# Do I need a work visa to work *remotely* from Dubai for a month?



## 1522610 (Jul 27, 2017)

Hi all,
I work for an American client in India and my wife works in Dubai. I would like to visit my wife for a month on tourist visa and also be able to work for the whole month remotely while being in Dubai and only holding a tourist visa. Is it legal? If not legal, what is the possibility of me being caught? Can the authorities find out technically that I am working from home? Are there folks who do this? 

I would still be paid in my home country, India and my client is american. I work in IT and technically it is possible to be able to work remotely using my company vpn.


----------



## twowheelsgood (Feb 21, 2013)

Of course - as long as nobody starts trying to invoice you inside the UAE then you'll be fine.


----------



## 1522610 (Jul 27, 2017)

twowheelsgood said:


> Of course - as long as nobody starts trying to invoice you inside the UAE then you'll be fine.


I have seen many articles mentioning working on visit visa is illegal, although, they all are about working in Dubai in Dubai registered company and getting paid in Dubai. I could not get concrete info on whether I can work remotely from home if my employer is not in UAE, I am not paid in UAE or provide any services in UAE. I would still be paid in home country and pay taxes in home country.


----------



## Chocoholic (Oct 29, 2012)

Technically, it would be illegal. For a start working from a residential property puts you in breach (or your wife) in breach of the tenancy contract, as you're using a residential properly for commercial income. However, you'd be very unfortunate to get found out. Just don't say anything.


----------



## rsinner (Feb 3, 2009)

you will be fine.


----------



## 1522610 (Jul 27, 2017)

Chocoholic said:


> Technically, it would be illegal. For a start working from a residential property puts you in breach (or your wife) in breach of the tenancy contract, as you're using a residential properly for commercial income. However, you'd be very unfortunate to get found out. Just don't say anything.

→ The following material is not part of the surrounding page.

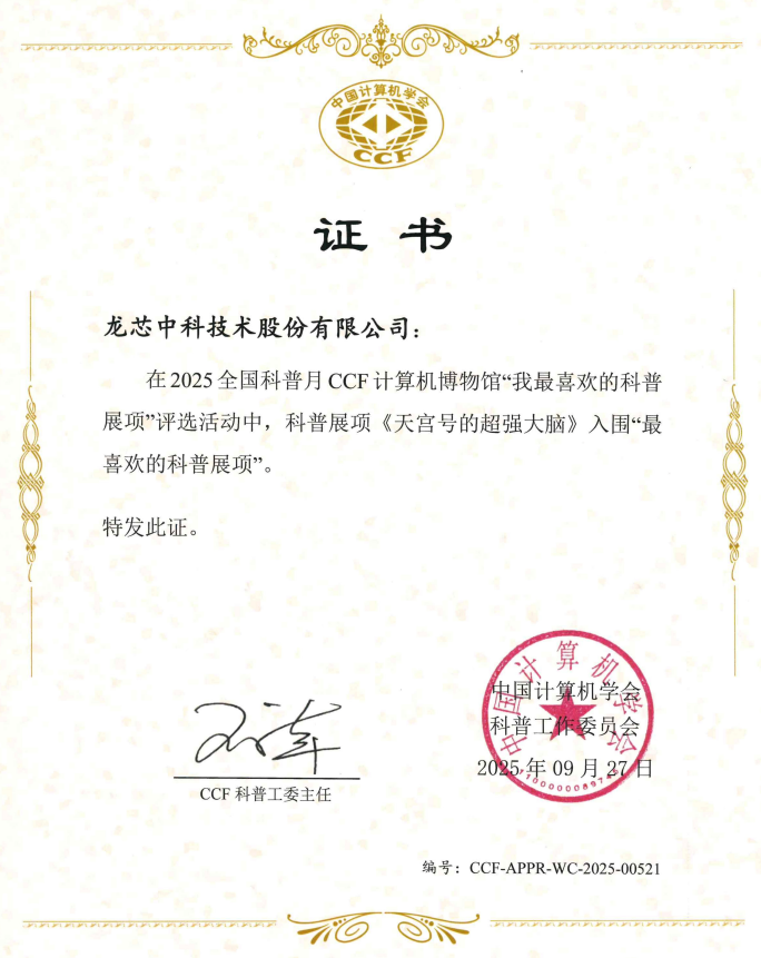 龍芯中科積極踐行企業(yè)社會責任,持續(xù)開辦、支持科普活動。2025年全國科普月期間,由龍芯團隊設計的《天宮號的超強大腦》科普展項成功入圍CCF全國科普月重點活動“CCF計算機博物館我最喜歡的科普展項”評選,將航天工程中芯片的特殊設計及工作原理轉化為可觸可感的科普體驗。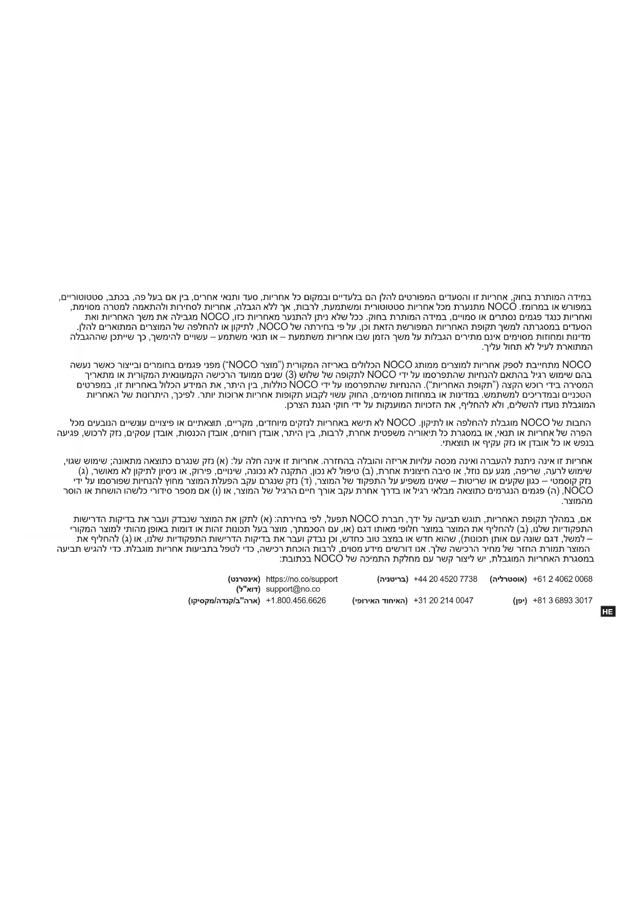 (US/CA/MX) https://no.co/support support@no.co +1.800.456.6626 (UK) (EU) (AU) (JP) +44 20 4520 7738 +31 20 214 0047 +61 2 4062 0068 +81 3 6893 3017HE ,םיירוטוטטס ,בתכב ,הפ לעב םא ןיב ,םירחא יאנתו דעס ,תוירחא לכ םוקמבו םיידעלב םה ןלהל םיטרופמה םידעסהו וז תוירחא ,קוחב תרתומה הדימב ,תמיוסמ הרטמל המאתהלו תוריחסל תוירחא ,הלבגה אלל ךא ,תוברל ,תעמתשמו תירוטוטטס תוירחא לכמ תרענתמ NOCO .זמורמב וא שרופמב תאו תוירחאה ךשמ תא הליבגמ NOCO ,וזכ תוירחאמ רענתהל ןתינ אלש לככ .קוחב תרתומה הדימב ,םייומס וא םירתסנ םימגפ דגנכ תוירחאו .ןלהל םיראותמה םירצומה לש הפלחהל וא ןוקיתל ,NOCO לש התריחב יפ לע ,ןכו תאזה תשרופמה תוירחאה תפוקת ךשמל התרגסמב םידעסה הלבגההש ןכתייש ךכ ,ךשמיהל םייושע – עמתשמ יאנת וא – תעמתשמ תוירחא ובש ןמזה ךשמ לע תולבגה םיריתמ םניא םימיוסמ תוזוחמו תונידמ .ךילע לוחת אל ליעל תראותמה

But my income is not in UAE dirhams. The job is not in UAE. Even if I wanted could I apply for any kind of permit to be able to work safely? (I guess no?). I will be paid in my home country.


----------



## 1522610 (Jul 27, 2017)

rsinner said:


> you will be fine.


Would they be able to track me? 

Also in immigration would I have problems? I am taking a 3 month tourist visa. They might suspect how would I be able to stay 3 months when I work in another country?


----------



## UKMS (Jan 9, 2017)

manish41711 said:


> Would they be able to track me?
> 
> Also in immigration would I have problems? I am taking a 3 month tourist visa. They might suspect how would I be able to stay 3 months when I work in another country?


Your original post is 1 month stay now it’s 3 months ? 

The reality is if what you say is genuine (visiting your wife for 1month) you should be fine (unless of course you upset your wife ) if your question is not quite honest then depending on the circumstances, how long you stay and who you tell the risk goes up a bit. 

Regarding tracking .... could they track what you are doing - possibly ..... will they track what you are doing - very unlikely


----------



## rsinner (Feb 3, 2009)

manish41711 said:


> Would they be able to track me?
> 
> Also in immigration would I have problems? I am taking a 3 month tourist visa. They might suspect how would I be able to stay 3 months when I work in another country?


I am guessing your wife is sponsoring you (if your story is genuine) for the 3 month visa. You should be okay with immigration once you get the visa.


----------



## 1522610 (Jul 27, 2017)

rsinner said:


> I am guessing your wife is sponsoring you (if your story is genuine) for the 3 month visa. You should be okay with immigration once you get the visa.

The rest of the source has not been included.